- Born: February 17, 1819 Oberhausen, Baden
- Died: July 10, 1905 (aged 86) Nancy, France
- Occupation: Organ builder

= Joseph Merklin =

German and French organ builder (1819–1905)

Joseph Merklin (17 February 1819 – 10 July 1905) was a Baden-born organ builder who later became a French citizen. By the time of his retirement in 1898, he was a Chevalier of the Légion d'Honneur and had built, restored, or repaired over 400 organs, primarily in the churches of Belgium and France.

==Life and career==
Merklin was born in Oberhausen in Baden and was trained in his craft first by his father and then by Friedrich Hasse in Bern and Eberhard Friedrich Walcker in Ludwigsburg. He set up his own firm in Belgium in 1843 and later went into partnership with his brother-in-law, Friedrich Schütze, renaming the firm Merklin, Schütze & Cie. In 1855 he bought out the Ducroquet firm in Paris and began to work almost exclusively in France. Three years later, he reorganized the company as the Société Anonyme pour la Fabrication des Orgues, Établissement Merklin-Schütze. In 1867 the company's grand organ built for the Basilica of St. Epvre in Nancy received a Gold Medal at the Exposition Universelle in Paris and Merklin was made a Chevalier of the Légion d'Honneur.

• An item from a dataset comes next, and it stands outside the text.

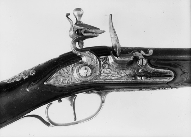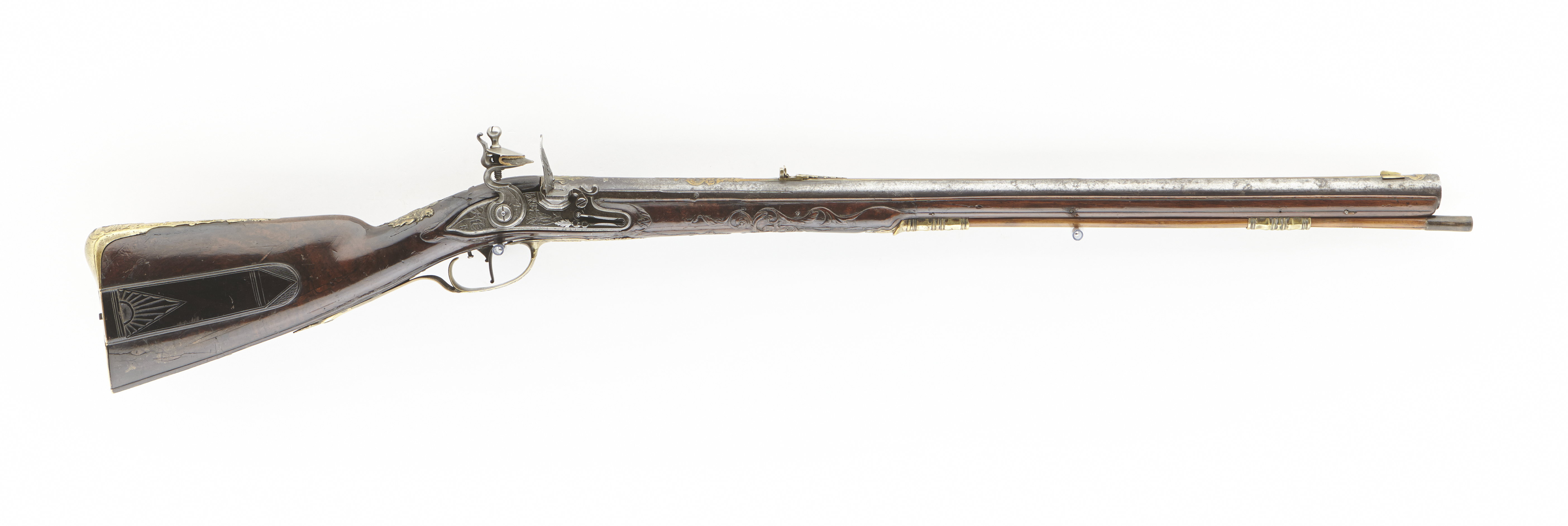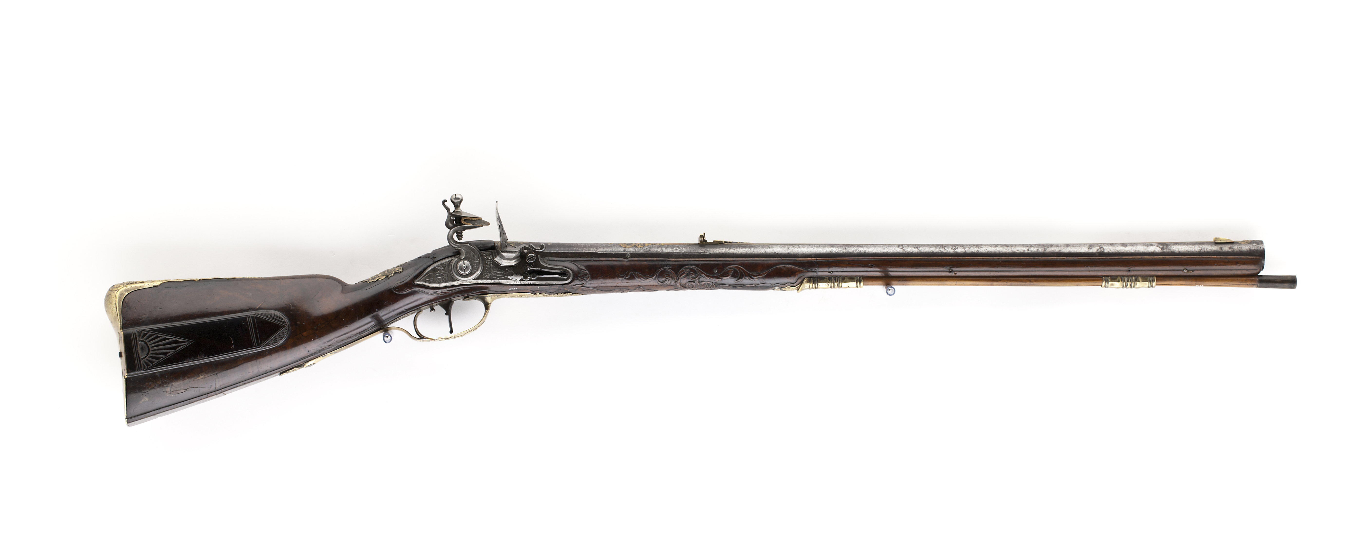 Rund, brunerad pipa, sju räfflor. På svansskruvbladet, kammaren runt siktet och kornet inslagen dekor av förgylld mässing i form av lister, blad, voluter och mas-karoner. På pipans mittparti och bakåt från mynningen går två kilformiga åsar med list av inslagen mässing. På kammaren inslaget: "M. C. PISTOR". Riktmedel: Klaffsikte och stolpkorn av förgylld mässing. Fästning: Tre häften. Pipan fäst med krysskruv och tre pipstift av stål. Flintlås av stål med plant låsbleck och fasade kanter. Dekor i stålsnitt i låg relief, bakom hanen betande hjortar, framför hanen en liggande jägare, på den s--formiga hanen ett vildsvin och ett fantasidjur. Lös överkäke med fasade sidor. Kantig fängpanna med fals, eldstål med ansiktsmask på ryggen. På låsbleckets nedre kant graverat: "Ecce Vigilando Quiescit M.C.PISTOR Offenbacensis" (Se den vilande men ändå vakne M C Pistor från Offenbach). Fästning: Två låsskruvar. Svagt s-formigt svängd avtryckare. Helstock av valnöt med kolv av fransk typ, kolvlåda med lock av trä, snidad dekor i form av trianglar. Kolvlådan invändigt klädd med filt. Snidad dekor i form av blad vid kindstödet, snidad dekor bakom svansskruvbladet samt mellan varbygel och spets-rörka. Beslag av gjuten, förgylld mässing. Bakplåt med kraftig flik på kolvryggen, dekor i form av Diana jagande hjort och vildsvin, på kolvhälen graverat: "SYL..COUS (INSU)LA COGNITA NYMPHIS". Tumplåt i form av Hessen-Kassels vapen krönt av grevekrona. Sidbleck med dekor i form av jaktscen med två jägare, hundar, vildsvin och hjort. På bleckets nederkant graverat: "Scit Bene qua frendens valle moretur aper" (ung. Huru skönt i den dal där vildsvinet dör). Två balusterformiga, kantiga rörkor, spetsrörkan med spets i form av fantasidjur. Varbygel med kraftig bygel och profilerad främre arm, dekor på bygeln i form av hjort- och vildsvinsjakt, på främre armen en hund som huggit en fälld hjort, därframför en drake med ett stort, flikigt blad i munnen. Tillbehör: Laddstock av trä, l: 722 mm, ena änden skodd med horn, l: 37 mm, andra änden ett mässingsrör, l: 93 mm.

Merklin had to leave France at the outbreak of the Franco-Prussian War. After the war ended, he became a naturalized French citizen and in 1872 set up a new branch in Lyon. In 1879, he gave half the shares in the Lyon company to Charles Michel, who had married Merklin's daughter Marie-Alexandrine in 1875. After internal tensions in the company, Merklin turned it over completely to his son-in-law in 1894, who continued to operate it under the name Michel-Merklin, despite Merklin's wishes. Merklin's last firm was in Paris, established with Philippe Decock and Joseph Gutschenritter.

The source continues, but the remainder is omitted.